Media Literacy

Social Media & Students’ Communication Skills

July 14, 2015
Two Students on Their Devices

With social media taking up such a large space in our lives, many of us question whether it’s impacting our communication skills, more importantly, our students’ communication skills. As an English teacher, a writer, and a mom, I am always worried about the repercussions social media will have on my kids’ critical thinking, writing and personal & academic communication skills.

But I had to pause and think. We worry about social media’s impact, but “impact” itself doesn’t necessarily mean negative impact. I needed to remind myself that the use of social media by students can either have a positive or negative effect.

But what if we focus on and drive the positive impact that social media can have on student communication?

Let’s start by narrowing down some of the main platforms that students use:

Instagram: A photo sharing app that allows users to edit photos and upload them to share with their followers. Users can choose to have a private or a public account. They can also share a photo directly with a selected few people. This is the equivalent of a private message.

Snapchat: A messaging app that allows you to set a timer on the photos and videos the user sends before they disappear.

Tumblr: A blogging platform but is also similar to twitter in terms of Retweeting and sharing others’ posts. Users can post videos, photos, and writing.

Facebook: A forum that is used to post pictures, videos, write status updates, articles and comments.

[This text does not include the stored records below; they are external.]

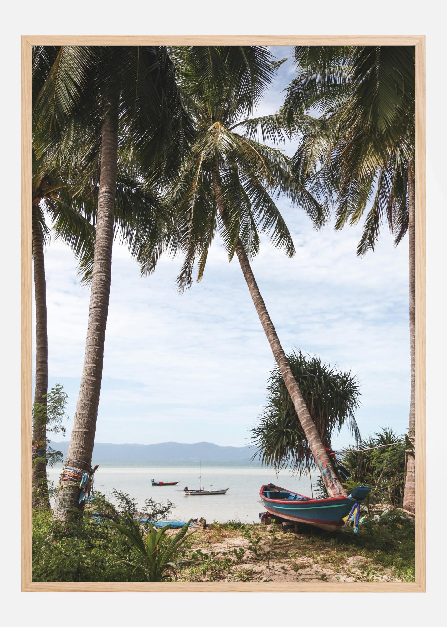 Um cartaz de férias com palmeiras e barcos na Tailândia. Duas palmeiras se inclinam uma contra a outra, enquadrando o mar atrás onde dois barcos estão ancorados. Um terceiro barco vermelho e azul está na terra, chamando a atenção. Imagine-se na praia enquanto olha para esta imagem tranquila.
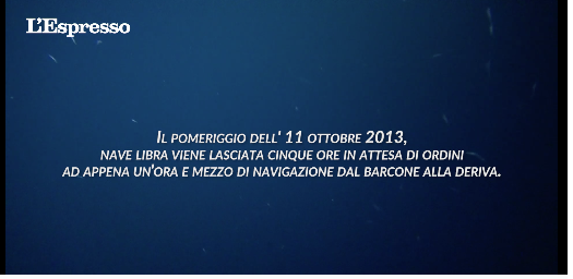 Nave Libra, il pattugliatore della Marina italiana, è ad appena un’ora e mezzo di navigazione da un barcone carico di famiglie siriane che sta affondando. Ma per cinque ore viene lasciata in attesa senza ordini. Il pomeriggio dell’11 ottobre 2013 i comandi militari italiani sono preoccupati di dover poi trasferire i profughi sulla costa più vicina. Così non mettono a disposizione la loro unità, nonostante le numerose telefonate di soccorso e la formale e ripetuta richiesta delle Forze armate maltesi di poter dare istruzioni alla nave italiana perché intervenga. Il peschereccio, partito dalla Libia con almeno 480 persone, sta imbarcando acqua: era stato colpito dalle raffiche di mitra di miliziani che su una motovedetta volevano rapinare o sequestrare i passeggeri, quasi tutti medici siriani. Quel pomeriggio la Libra è tra le 19 e le 10 miglia dal barcone. Lampedusa è a 61 miglia.
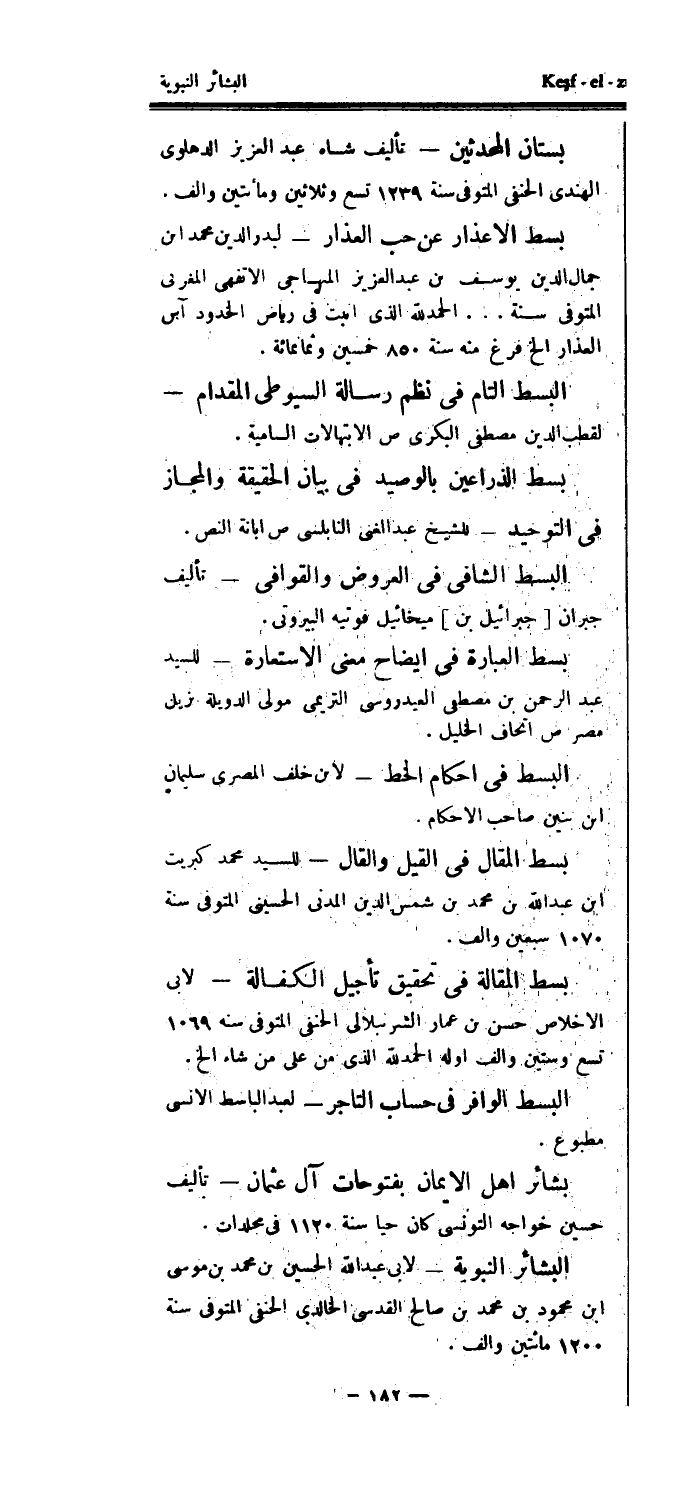 بستان المحدثين - تأليف شاه عبد العزيز الدهلوي الهندي الحنفي المتوفى سنة 1239 تسع وثلاثين ومائتين وألف.

Facebook also contains an option to create pages for different causes and events.

Twitter: 140 characters microblogging platform to share ideas, thoughts, and what you had for dinner.

Interesting Facts About Students’ Use of Social Media

Although we assume that most students have smartphones, research suggests that students who come from low-income households do not own smartphones, thus making their digital communication means mainly through text messaging (Washington Post). This is an interesting fact, as there is an assumption that all students have smartphones, and that can impact the pedagogical strategies that we use to integrate social media in the classroom. As a result, it’s important that we think about accessibility and students’ circumstances when thinking about integrating technology in general in the classroom.

With that being said, a recent study focused on Millennials’ use of social media indicates that the most used social media forum is Facebook (PRRI’s millennial Survey). That is not to say other apps are not used, Snapchat is generally used by students whose family income is over $75000 annually. Income is one of the differentiating factors in the use of social media, race, ethnicity and gender also play a part in determining students’ use of those apps. These factors are important to take into account as the use of social media is determined by the user, who they are, where they come from etc.

Impact of These Tools on Oral and Written Communication

We come back to the question, do these digital tools impact students’ oral and written communication in the classroom?

There is a general consensus amongst teachers that these tools do blur the line between “formal” and “informal” writing. But with that being said, in a survey conducted by The National Writing Project, teachers point out that “writing” does not just encompass academic writing done in the classroom. This indicates that more teachers are attuned that writing as a genre is evolving further than essays, reports, and in class writing assignments.

However, when teachers and students were asked if they would consider blogging, posting and texting to be writing both parties did not think so. Writing to teachers and students was confined in the parameters of classroom assignments. (AP & NWP).

We need to help students see that their blogging, texting, tweeting on social media is real writing. Their writing is real writing because their writing is their voice. Student voice needs to be nurtured and appreciated in the classroom, regardless the outlet they use to communicate it. When teachers show the importance of formal communication to be practiced on social media platforms, students are more inclined to practice good digital citizenship.

Students will believe in themselves if we believe in them. We can believe that they produce great thoughts and ideas. We can also believe that social media's powerful element of connectedness can help to pass on students' thoughts to drive impactful change in this world.

This piece was originally submitted to our community forums by a reader. Due to audience interest, we’ve preserved it. The opinions expressed here are the writer’s own.